En 2002, Antônio a été invité à se présenter à l'élection des conseillers populaires du budget participatif. Il n'a pas voulu. Manque de temps, manque de moyens financiers pour se consacrer à cette tâche. "Quand je vais dans des réunions, je ne peux pas travailler autant. Quelqu'un de la vila sort à ma place, pour me donner un cuop de main. Mais ce n'est jamais pareil." Pour autant, il ne quitte pas le processus. "Aujourd'hui, c'est pour les enfants que je me bats. Moi tout seul je n'ai besoin de rien, je peux dormir sous un pont, sous un viaduc. Mais les enfants ? C'est pour eux que je lutte, pour les petits qui sont le futur de ce monde, pour leur donner une culture, un avenir."

 

 

Ce témoignage a été honteusement pompé par un moine copiste d'un très beau livre paru aux éditions Syllepse. C'est l'ONG Solidariedade, qui regroupe des conseillers et des délégués du budget participatif, qui en est à l'origine.
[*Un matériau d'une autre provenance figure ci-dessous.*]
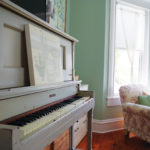 z-IMGP4638There is only one furniture piece that Anna presumes is original. “I really think the Kurtzmann piano was original to the house,” she speculates. “The piano was built between 1910 and 1914. It’s a player piano. The higher the backboard on a piano, the grander the sound. This one is almost as tall as I am.”
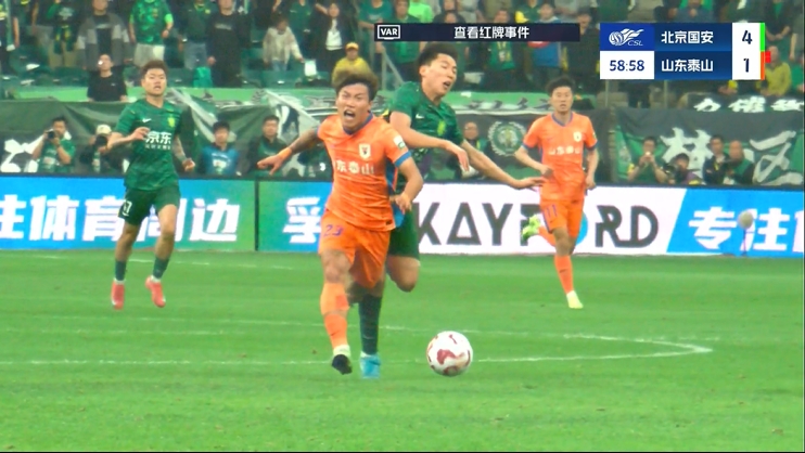 单场3直红!十人国安6-1九人泰山 主裁唐顺齐判罚抢镜 张玉宁传射
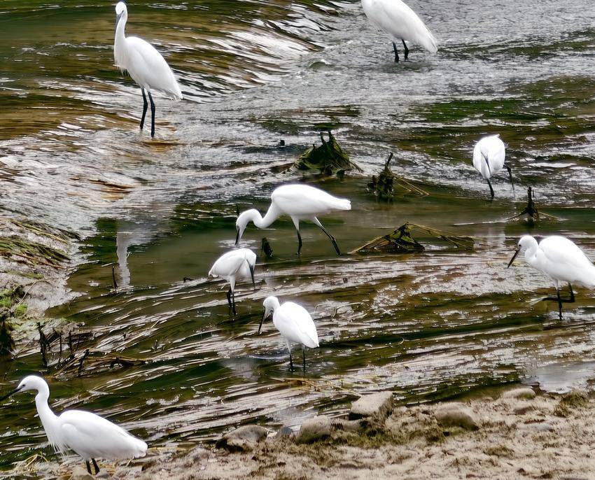 清晨,漫步于昭君广场外的香溪河畔,微风轻拂,碧波温柔荡漾,天光云影在河面交织,仿佛一幅徐徐展开的灵动画卷。忽然,一阵清越的鸟鸣声如灵动的音符般飘入耳中,抬眼望去,三十余只白鹭在浅滩之上翩然起舞。它们时而优雅低头,精准迅速地啄食水中鱼虾;时而振翅高飞,掠过波光粼粼的水面,洁白的羽翼在阳光下泛着柔和光泽,恰似散落人间的云朵,将这片水域装点得如梦似幻。
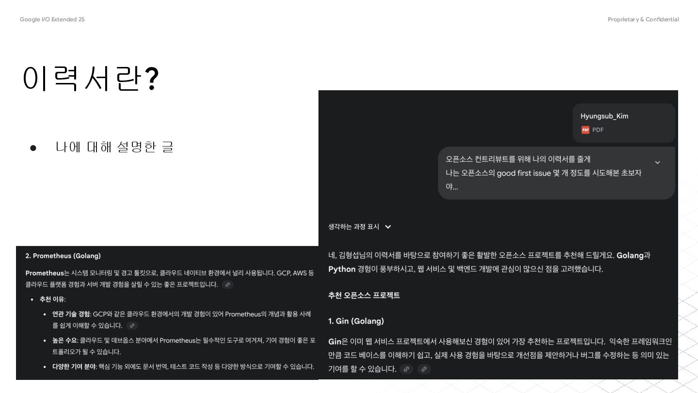 하면 좋다는 이야기는 익히 들었지만 그걸 어떻게 시작해야하는지, 특히 학생 및 주니어 개발자의 기준에서 시작하기는 쉽지 않습니다 본 발표는 생성형 AI를 활용해서 하루만에 오픈소스 기여를 해본 방법을 소개하고자 합니다 이를 통해 누구나 쉽게 시도할 수 있는 방법을 알리고자 합니다 개요

Les textes et les témoignages sont le fruit de débats collectifs et ont été mis en forme par la journaliste Estelle Granet qui a séjourné à Porto Alegre à l'invitation de Solidariedade (le texte reste simple, très clair pour expliquer les choses techniques, et est très touchant. C'est très bien écrit). Des photos de Jacques Winderberger donnent des visages aux paroles des acteurs de ce livre (on y côtoie Antônio !). Les deux photos ci-dessus ne font pas partie du livre.

Ce livre est un choc, mais ce livre est peu distribué. N'hésitez pas à le commander à votre libraire préféré !
http://ecx.images-amazon.com/images/I/516MGQZS30L._SL500_AA300_.jpg
Sinon, envie de voir des photos du centre-ville de Porto Alegre ?
A méditer :
" Une syllepse est une forme grammaticale qui privilégie les accords fondés sur le sens plutôt que sur la règle…"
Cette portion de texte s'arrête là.